• _What you need to do_:
Where the data below begins, start duplicating lines exactly, and finish with the line containing "中国语言文学系学生第一党支部"; add nothing else. Leave the pictures out.

#### The data

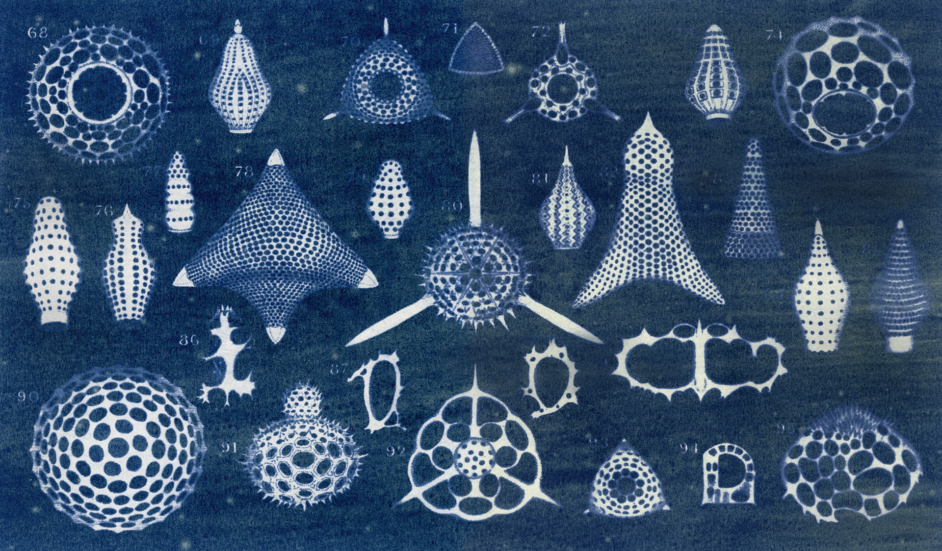 Banner Image: Spikes of PolycystrinaPlate G from The Beginning: its when and its why (by Mungo Ponton) Gum print of an enlargement of an engraving of a drawing by Mungo Ponton, Roger Farnham and Harry Magee
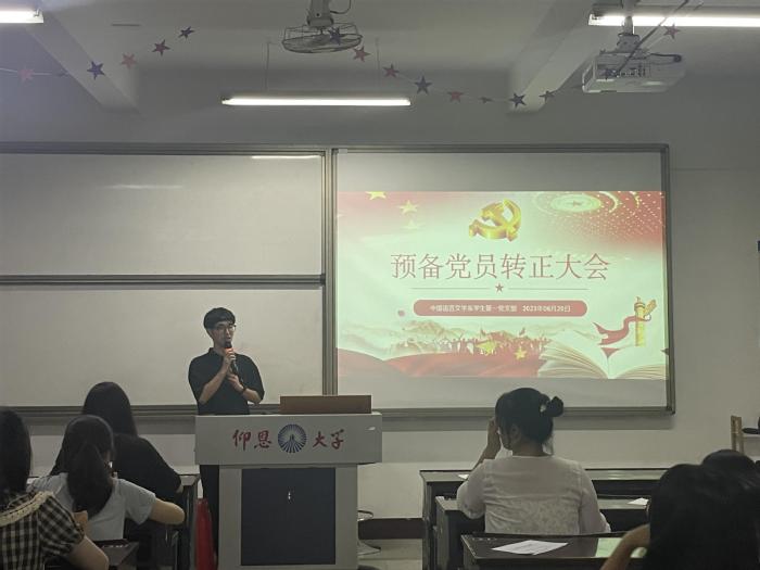 中国语言文学系学生第一党支部于6月20日晚上20:00在仰恩楼B1-201召开预备党员转正大会,支部全体党员及预备党员参加了本次会议。
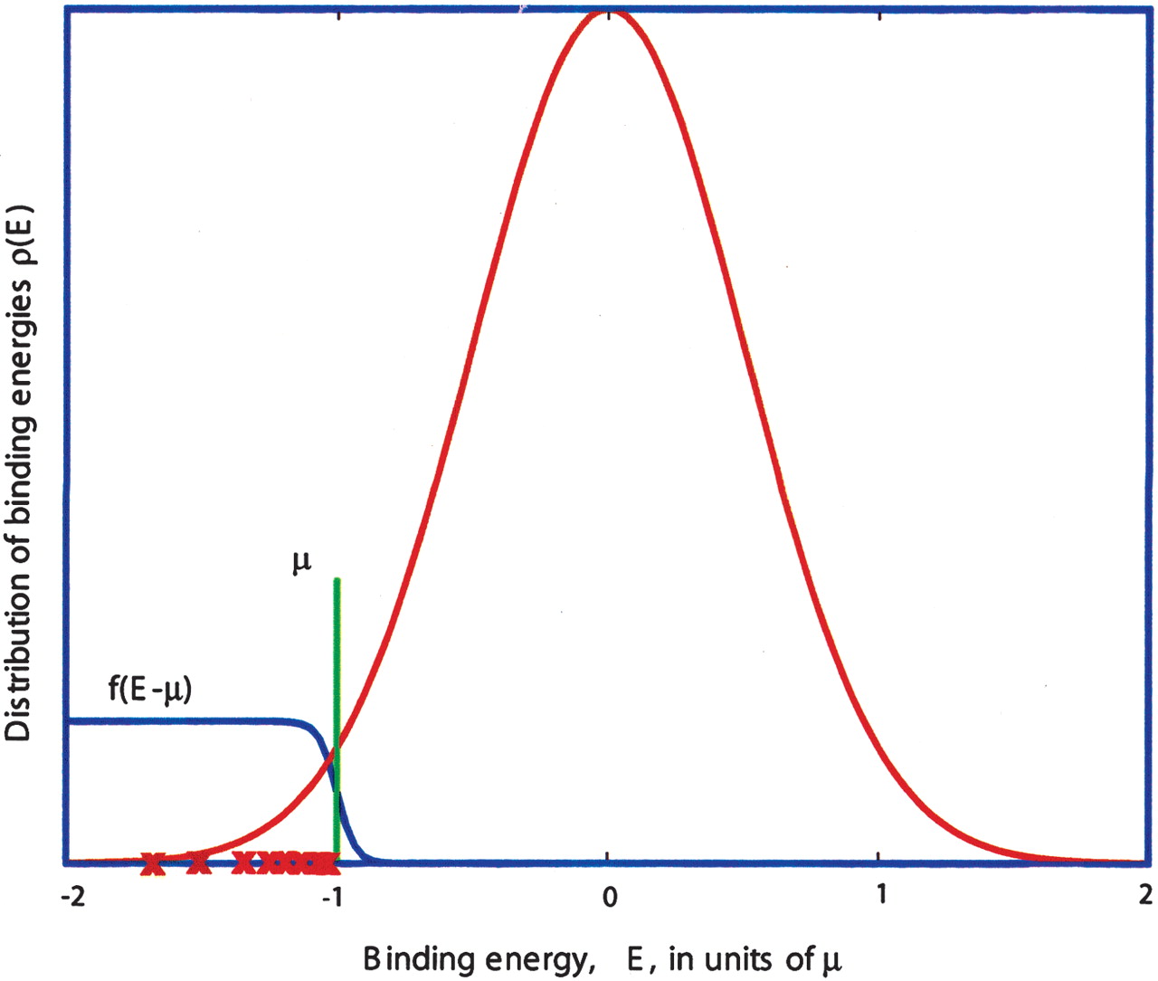 Distribution of binding energies (red curve) in the ensemble of random sequences is approximately Gaussian (although limited to the Emin, Emax interval set by the best and the worst binding sequences, respectively). The blue line represents the binding probability of TF present at a concentration corresponding to the chemical potential µ. The red crosses illustrate possible binding energies of example sequences.
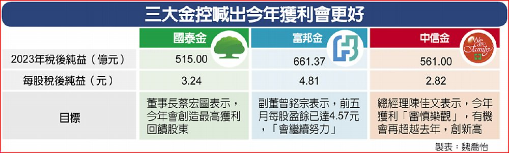 中信金控14日股東會由董事長顏文隆主持,副董事長吳一揆就任後首度露面,中信金總經理陳佳文指出,2023年金控稅後純益561億元、年成長79%,ROE14.64%是金控第一,前五月ROE更達17%,是否能維持要看股匯市狀況,雖沒把握,但會努力,前五月稅後純益已達312億元、年增58%,對今年獲利「審慎樂觀」,有機會再超越去年創新高。

########

• _Answer section_:
 Banner Image: Spikes of PolycystrinaPlate G from The Beginning: its when and its why (by Mungo Ponton) Gum print of an enlargement of an engraving of a drawing by Mungo Ponton, Roger Farnham and Harry Magee
 中国语言文学系学生第一党支部于6月20日晚上20:00在仰恩楼B1-201召开预备党员转正大会,支部全体党员及预备党员参加了本次会议。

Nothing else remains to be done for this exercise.